PHOENIX -- Los Angeles Dodgers right-hander Hiroki Kuroda was released from the hospital Sunday morning and cleared to fly home with the team after taking a liner off his head in the sixth inning of Saturday night's game against the Arizona Diamondbacks.
The cheery prognosis had no effect on Kuroda's feelings about the scary play.
"Yes, I feel lucky. I feel lucky to be alive and to be able to get back on the mound again," Kuroda said after Los Angeles' 9-3 victory over Arizona on Sunday. "You never know what is going to happen in this game."
Kuroda's CT scan was negative and he was scheduled for more tests by Los Angeles neurologist Dr. Vernon Williams on Monday.
"I have a slight headache. When I stand up, I feel a little dizzy sometimes," said Kuroda, who had a small bump on the right side of his head where he was struck by Rusty Ryal's line drive.
Kuroda, who is 5-5 with a 4.08 ERA, is expected to miss his next scheduled start Thursday against the Chicago Cubs.
"We are unbelievably pleasantly surprised by the lack of symptoms he has," Los Angeles trainer Stan Conte said. "Many times, when a player begins to exert himself, the more the symptoms come on. If we make an error, we are going to make it on the conservative side."
The 34-year-old Kuroda crumpled to the mound after Ryal's liner deflected off his head and landed near the Arizona on-deck circle before bouncing into the stands for a ground-rule double.
All eight Dodgers fielders stood on the mound as trainers tended to Kuroda, who was placed on a stretcher and loaded onto a cart. He raised both of his arms as the cart rolled off the field.
"Just very lucky. I guess it just hit him in the right spot if there is such a right spot," Dodgers manager Joe Torre said.
Kuroda said he called his wife, Masayo, from the ambulance en route to St. Joseph's Hospital. She was in Los Angeles, and saw the play on TV.
"She thought I died," he said. "It happened so fast, I didn't have any time to be scared. The ball came so fast I didn't have time to react."
Ryal sent a supportive message to the Los Angeles clubhouse Saturday night and was encouraged that Kuroda was feeling better Sunday. Kuroda said there were no hard feelings.

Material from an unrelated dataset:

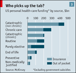 This incentive problem even extends to patients. If patients pay very little out of their own pockets they have little desire to curb consumption. Though this is a problem in many OECD countries, in America the proportion of out-of-pocket spending has declined sharply in the past few decades. And a new report by McKinsey, a firm of management consultants, identifies a more subtle problem. Having examined insurance and out-of-pocket spending for several health risks, it concludes that Americans are generally “over-insured and under-saved”. It is prudent for individuals to have comprehensive health insurance against catastrophic health risks such as heart attacks or cancer. But McKinsey finds that Americans with private health insurance often have generous coverage for non-essential and even medically unjustified care (see chart 3). This encourages over-consumption.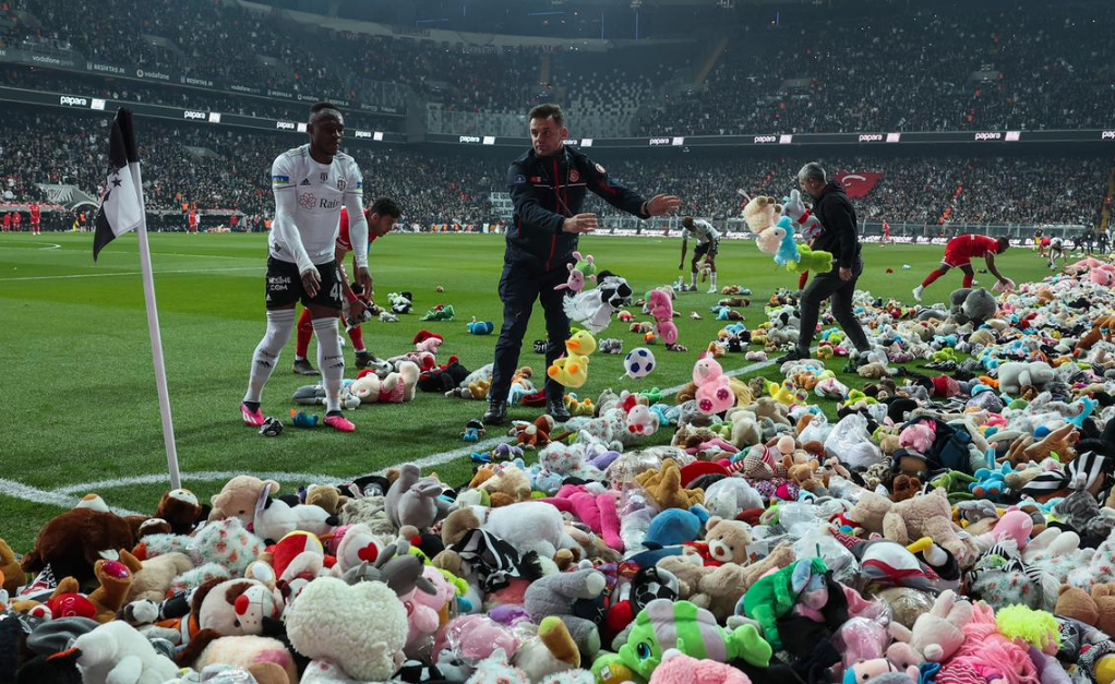 Para fillimit, klubi bëri homazhe për viktimat e tërmeteve dhe mbështetësit hodhën mijëra lodra dhe shalle në fushë, në një gjest mbështetjeje për fëmijët e prekur nga fatkeqësia.

"We're both pro athletes. We know what can happen on the field," Kuroda said. "We're both trying to do our best.
"I will pay attention to Ryal in years to come when I am watching TV in Japan. I hope he becomes a superstar, and I can say I was hit by that batter. I hope that day will come."
The fact that the ball traveled so far after hitting Kuroda is an encouraging sign, said Conte, who spoke with sports concussion expert Dr. Mickey Collins of the University of Pittsburgh Medical Center on Sunday morning.
"Typically, when the ball ricochets like that, there is a better outcome than if it drops near the mound," Conte said. "That means it [ball] was on the head for a shorter period of time."